Creola Cotton and her daughter, Shaquanda Cotton

“I am a 14-year-old Black freshman who shoved a hall monitor at Paris High School in a dispute over entering the building before the school day had officially begun, and was sentenced to 7 years in prison. I have no prior arrest record, and the hall monitor–a 58-year-old teacher’s aide–was not seriously injured.

“I was tried in March 2006 in the town’s juvenile court, convicted of ‘assault on a public servant,’ and sentenced by Lamar County Judge Chuck Superville to prison for up to 7 years, until I turn 21. Just three months earlier, Superville sentenced a 14-year-old White girl, convicted of arson for burning down her family’s house, to probation,” Shaquanda Cotton writes on her website,

Miss Cotton’s plight was just another example of head shaking, small town racism until the Chicago Tribune broke the story Mar. 12.


Since then, all eyes are on Paris, Texas and the treatment of this teenager, who should be finishing her schoolwork and getting ready for summer vacation. Instead, she is confined to the Texas Youth Commission (TYC) Facility.

“Shaquanda is a regular teenager,” said her mother, Creola Cotton, to The Final Call. “She was tardy to school sometimes; talked in class, but was never involved in anything serious. She had permission to enter school early to take her medication after breakfast.”

On the day in question, that’s what Shaquanda was trying to do. She claims that the teacher’s aide pushed her first and then she responded. Her mother complained to the principal about the incident, and instead of the teacher’s aide being reprimanded for grabbing a student, the school charged the teenager.

But what could have resulted in a wide range of punishments has resulted in Shaquanda’s indeterminate sentence that could leave her confined until she turns 21 years of age.

This wasn’t the first time Ms. Cotton had complained to the school about discrimination and unfair treatment of her daughter.

“They did this to her because of my complaints to the school about her disciplinary citations,” said Ms. Cotton.

Sharon Ryerson, an attorney with Lone Star Legal Aid, who represented Shaquanda during her mother’s challenges to the disciplinary challenges, agrees.
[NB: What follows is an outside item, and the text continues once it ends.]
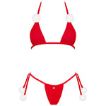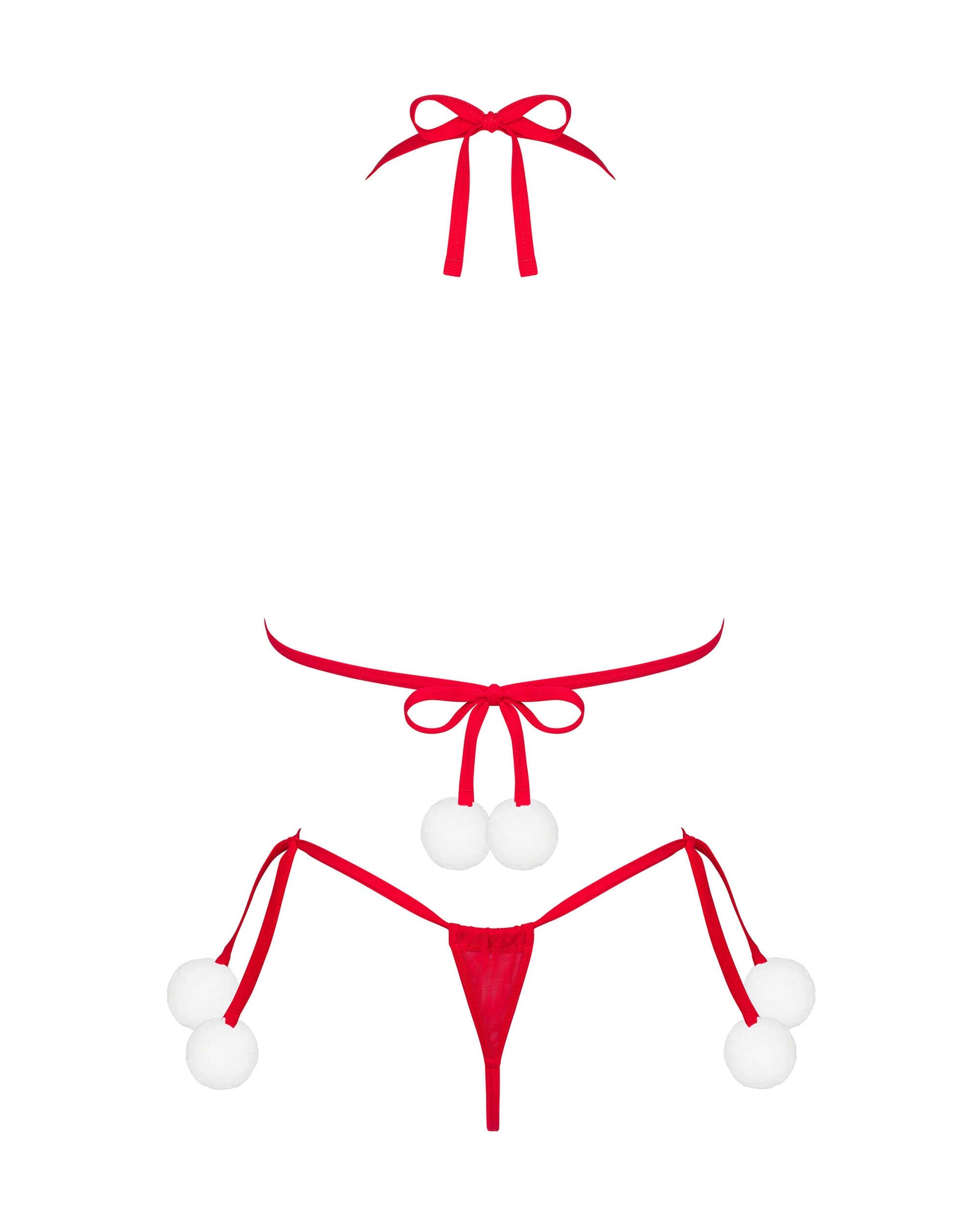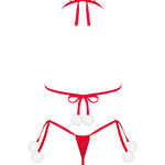 This red lingerie set from Obsessive invites playful luxury into the boudoir. The bra and thong in vivid red, with a luxury bralette-inspired silhouette, are accented with white pompoms that entice touch and movement, while a neck and back binding frames your silhouette with modern, flattering lines. A shimmering pendant catches the light as you move, adding decadent sparkle. Soft, high-quality fabric—94% polyamide, 6% elastane—drapes against the skin for comfort and a flawless, sculpted fit. Bold yet refined, the design blends playful charm with sensual elegance, elevating confidence and self-expression for a truly jolly celebration. Complete the look with the matching thong for a moment of pure indulgence.

In an interview with the Chicago Tribune, Atty. Ryerson stated, “Shaquanda started getting written up a lot after her mother became involved in a protest march in front of the school. Some of the write-ups weren’t fair to her or accurate, so we felt like we had to challenge each one to get the whole story.”

Among the write-ups Shaquanda received, according to statements by Atty. Reyerson in the Chicago Tribune, were citations for wearing a skirt that was an inch too short; pouring too much paint into a cup during an art class; and defacing a desk that school officials later conceded bore no signs of damage.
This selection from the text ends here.